Mário terminou o ensino médio da mesma maneira que entrou: sem saber de nada. Sabia contar alguns números e conseguia escrever as coisas que seu pai pedia. Foi trabalhar com ele, longe da escola, agora estava perto dela, como ajudante de pedreiro, como ajudante de seu pai. Márcio estudou os livros, fez cursinho, e após a fase da contestação e rebeldia, prestou-se a organizar a vida e ingressar em um curso superior: virou doutor.


Mário casou cedo, porque conheceu o sexo informal cedo. Antes dos vinte, já tinha quatro filhos com Raimunda. Fechou a conta em sete, sendo os três últimos frutos de suas aventuras, para vencer o tédio e a previsibilidade da mulher amada.
Foi tudo muito rápido! Não viu o cheiro da adolescência, sequer pôde deixar o cabelo crescer e usar aquele brinco que tanto sonhou.

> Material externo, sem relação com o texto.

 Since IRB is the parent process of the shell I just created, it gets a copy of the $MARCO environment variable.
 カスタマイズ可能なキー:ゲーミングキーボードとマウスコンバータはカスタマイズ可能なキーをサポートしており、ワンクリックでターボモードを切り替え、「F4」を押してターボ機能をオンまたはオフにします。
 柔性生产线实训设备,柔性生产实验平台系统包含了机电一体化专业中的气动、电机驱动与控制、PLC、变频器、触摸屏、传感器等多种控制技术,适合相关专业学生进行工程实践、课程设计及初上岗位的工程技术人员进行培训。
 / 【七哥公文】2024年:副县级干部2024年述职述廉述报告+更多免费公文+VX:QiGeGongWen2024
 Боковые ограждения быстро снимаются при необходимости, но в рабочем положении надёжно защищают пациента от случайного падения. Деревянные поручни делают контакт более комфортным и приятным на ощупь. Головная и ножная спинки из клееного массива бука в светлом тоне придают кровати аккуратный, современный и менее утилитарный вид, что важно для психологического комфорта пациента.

Márcio formou com vinte dois, noivou três anos e aos vinte sete, quando chegaram da viajem de férias, soube que seria papai. Aos trinta era família de duas lindas crianças com nomes difíceis de pronunciar.

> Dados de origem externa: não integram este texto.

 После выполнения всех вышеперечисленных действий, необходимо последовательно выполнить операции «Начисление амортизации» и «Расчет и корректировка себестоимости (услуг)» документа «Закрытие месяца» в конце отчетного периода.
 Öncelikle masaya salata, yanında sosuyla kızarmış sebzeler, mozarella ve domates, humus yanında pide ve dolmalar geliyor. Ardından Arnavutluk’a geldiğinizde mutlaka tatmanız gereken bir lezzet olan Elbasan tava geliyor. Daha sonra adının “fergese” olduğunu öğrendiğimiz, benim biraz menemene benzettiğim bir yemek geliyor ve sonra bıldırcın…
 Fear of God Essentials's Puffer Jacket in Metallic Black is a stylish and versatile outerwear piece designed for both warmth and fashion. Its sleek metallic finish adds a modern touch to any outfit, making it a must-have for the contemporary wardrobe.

A reforma da mansão de Márcio quem fez foi Mário. Ali se lembraram do passado, das histórias da infância e do pequeno espelho que colocavam no sapato, para ver as calcinhas das meninas.


Márcio, a todo tempo, tentava valorizar a profissão honrosa de Mário. Dizia que aquele fazer distraído e sujo do pedreiro era algo magnífico, labor que exigia uma inteligência tão grande que nem seus mestres da UFAC tinham igual. Mário, calado, pouco se importava com as geleias que saiam da boca do inimigo. Se fosse importante sentar tijolo, não viveria tal mal, pensava.

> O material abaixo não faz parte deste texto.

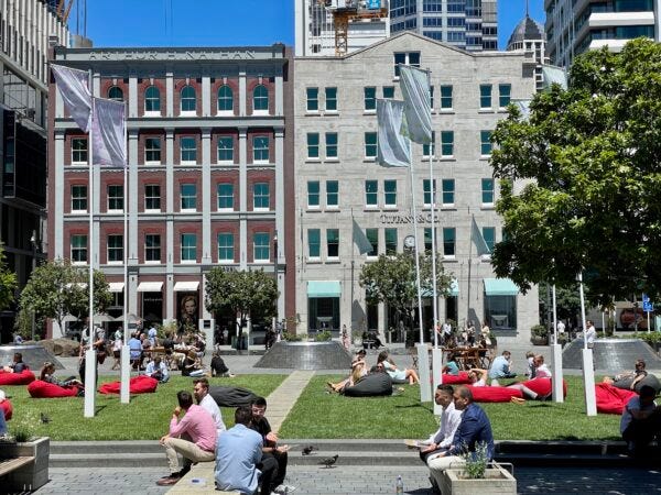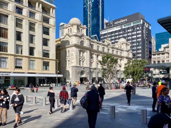 We know this works, because it already is working here. Right now by far the busiest part of Queen St is the new completely car-free Te Komititanga Square, between beautiful Britomart and vibrant Commercial Bay. This completely rebuilt area, along with changing work patterns, is why the pedestrian counts in midtown are down a notch compared to before the pandemic – yet employment numbers are up.
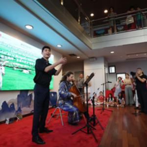 9月9日,在法国巴黎中国文化中心,演员为观众表演歌曲《鸿雁》。
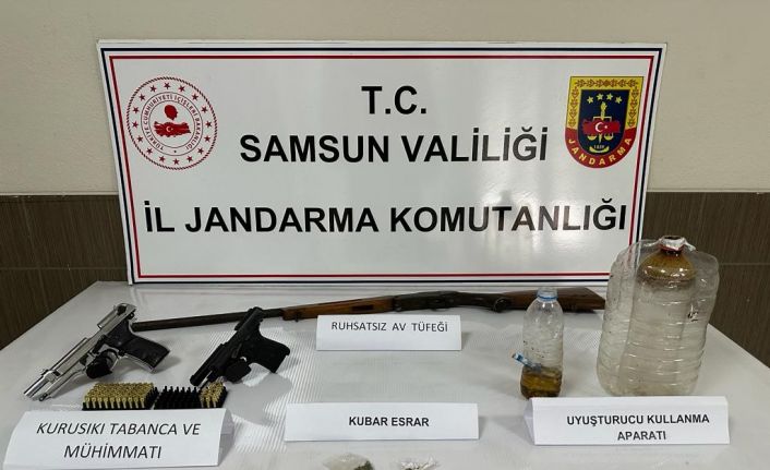 ARAMALARDA YAKLAŞIK 6 GRAM METAMFETAMİN, YAKLAŞIK 3 GRAM KUBAR ESRAR, 3 ADET UYUŞTURUCU KULLANMAYA YARAYAN DÜZENEK, 47 ADET SENTETİK ECZA HAPI, 1 ADET RUHSATSIZ TABANCA, 1 ADET RUHSATSIZ AV TÜFEĞİ, 2 ADET KURUSIKI TABANCA VE 70 ADET MERMİ ELE GEÇİRİLDİ
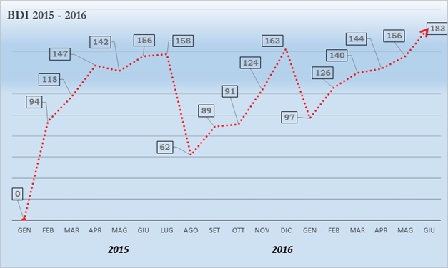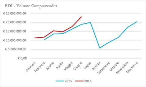 Figura  SEQ Figura \* ARABIC 1: Andamento temporale di inserimento dei comparabili tratti da recenti compravendita archiviati nel BDI fra febbraio 2015 e giugno 2016.
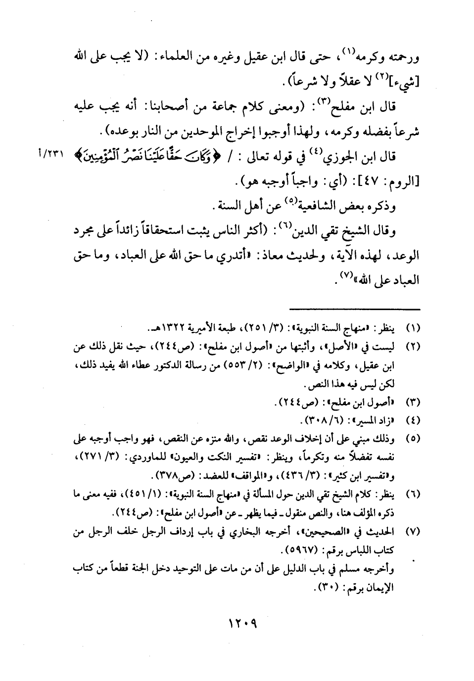 قَالَ ابْن مُفْلِح: (وَمعنى كَلَام جمَاعَة من أَصْحَابنَا: أَنه يجب عَلَيْهِ شرعا بفضله وَكَرمه، وَلِهَذَا أوجبوا إِخْرَاج الْمُوَحِّدين من النَّار بوعده) .
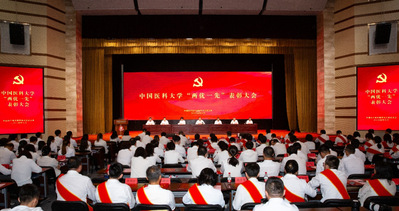 在庄严的国歌声中,锦州医科大学庆祝建党103周年暨“两优一先”表彰大会拉开帷幕。会上,闻德亮带领新发展党员代表进行入党宣誓,全体老党员重温入党誓词。
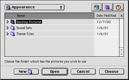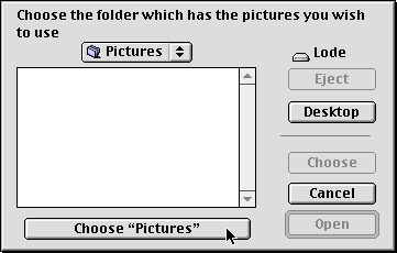 You will be asked to find the folder that contains the pictures you would like to use. Just use the standard file dialog to navigate to the folder you would like to use, and click on the choose button at the bottom. Under Mac OS 9 or later, you will see the more modern Navigation Services dialog.
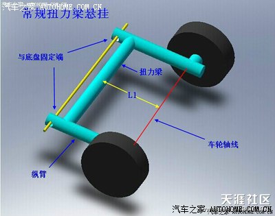 常规扭力梁中扭力梁与车轮轴线有相当的距离L1,这样做其实是让两个轮子在一定的限值内可以独立跳动。再来看它在单边车轮受到地面障碍物的冲击时,扭力梁是如何工作的(说明一下,测试悬挂主要是...
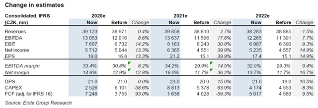 Celkově Erste odhaduje negativní dopad na hospodaření O2 za rok 2020 na úrovni 1-2 % v případě tržeb a okolo 4 % na úrovni EBITDA. Erste i tak zvyšuje výhled vývoje tržeb pro rok 2020-2021, a to zejména díky vyšším přírůstkům v segmentu placené televize a posunutí možného negativního vlivu vstupu dalšího operátora na trh až na rok 2022. Erste výrazně zvedla výhled pro EBITDA marži, který je založen na pokračující dobré kontrole nákladů v letošním prvním pololetí.
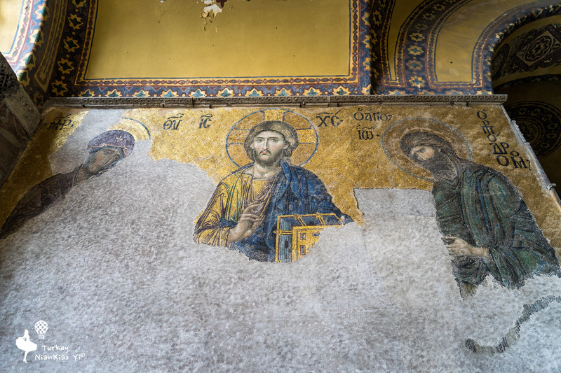 一进入大教堂的大门,抬头向上看,是圣索菲亚教堂最著名的马赛克镶嵌画之一《万物的主宰耶稣》。耶稣基督坐在中央,利奥六世跪在他的脚边,耶稣两旁是圣母玛利亚和大天使加百利,耶稣手里拿着一本书,上面写着“平安与你同在,我是世界之光”。这幅画代表基督将永恒的力量赐予拜占庭皇帝
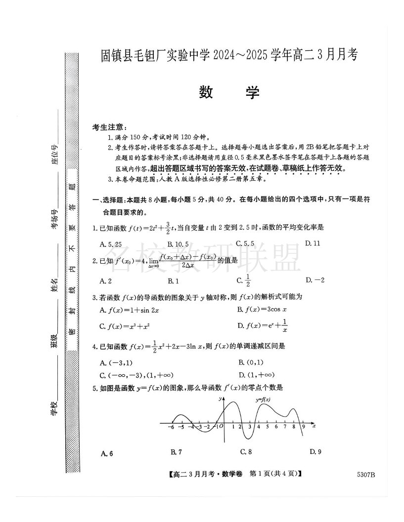 安徽省蚌埠市固镇县毛钽厂实验中学2024-2025学年高二下学期3月月考 数学.pdf
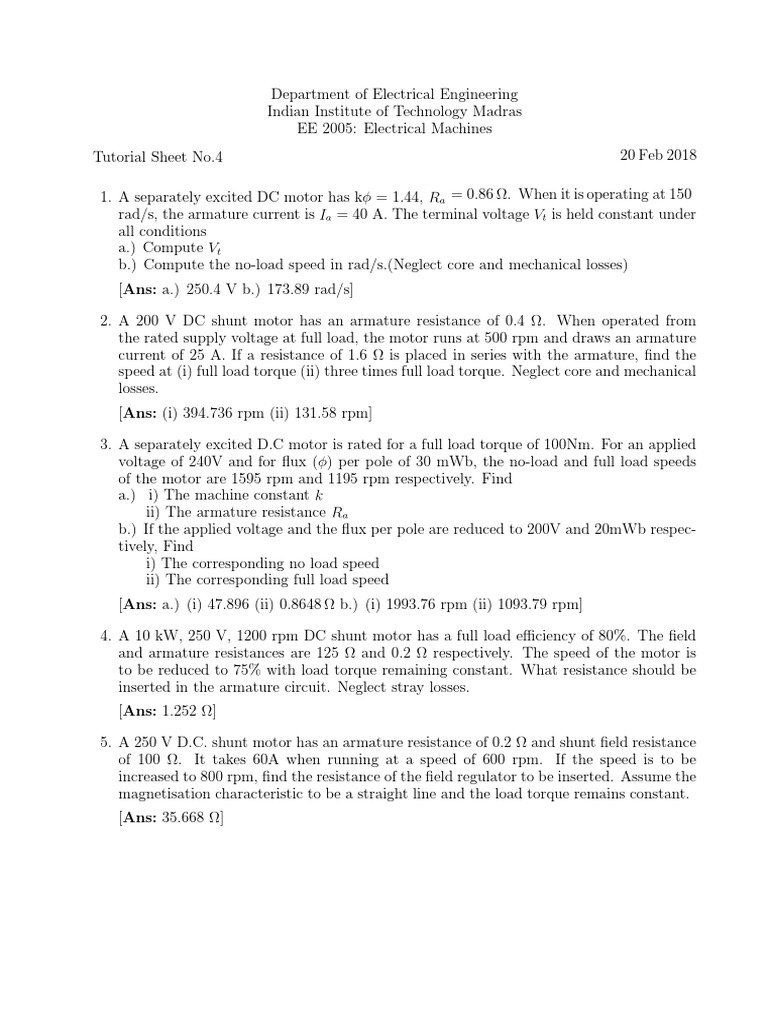 3. A separately excited D.C motor is rated for a full load torque of 100Nm. For an applied
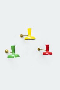 Tre lampade a parete in metallo verniciato e ottone. Anni '50 cm 30x16
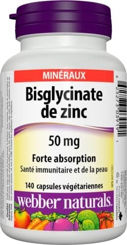 Zinc Bisglycinate from Webber Naturals is a highly absorbable form of zinc that is gentle on the stomach and does not rely on stomach acid for absorption. This one-per-day formula contains 50 mg of elemental zinc to support immune function and wound healing, and promote healthy connective tissue, skin, hair, and nails.Zinc is an essential mineral that plays a key role in more than 300 enzymatic reactions. It is needed for protein and DNA synthesis and plays a crucial role in normal growth and development. Zinc is also essential for detoxification processes, hormone production, reproductive health, energy metabolism, and muscle building.Zinc bisglycinate is a form of zinc that is exceptionally well absorbed without the need for stomach acid. Because the zinc is bound to glycine, it does not react with other minerals and food components in the digestive tract, ensuring more zinc is absorbed for use by the body.Zinc Bisglycinate from Webber Naturals is suitable for vegetarians and vegans and is non-GMO. It is a great choice for people with low stomach acid levels or absorption issues that increase the risk of zinc insufficiency.

Mário viveu setenta anos. Apodrecido e fraco com os males trazidos com a profissão. Recuou-se em si em um benefício conseguido na previdência para sentir melhor a morte que sempre o esperava na cama.


Márcio viveu trinta anos. Teve câncer no estômago, e nenhum dinheiro do mundo que tivesse lhe livraria dessa sorte. Quando soube da doença, passou a acreditar mais em Deus, pois é nesse momento que se compreende melhor a chantagem divina do fazer aqui e ganhar lá.


Os quarenta anos de Mário fora de puro sofrimento. Filas em postos de saúde, falta de remédios, pouco dinheiro para tirar dois filhos da prisão e realizar um funerário mais digno para outro assassinado. Tudo conspirava contra o pedreiro infeliz. Nesse arraste do destino, foi maldizendo a vida e se perguntando por que ao invés do bondoso amigo de infância, não tinha sido ele o escolhido pela tragédia humana.


Mário por quarenta anos quis um câncer também. Até na desgraça o colega de escola tinha se dado melhor.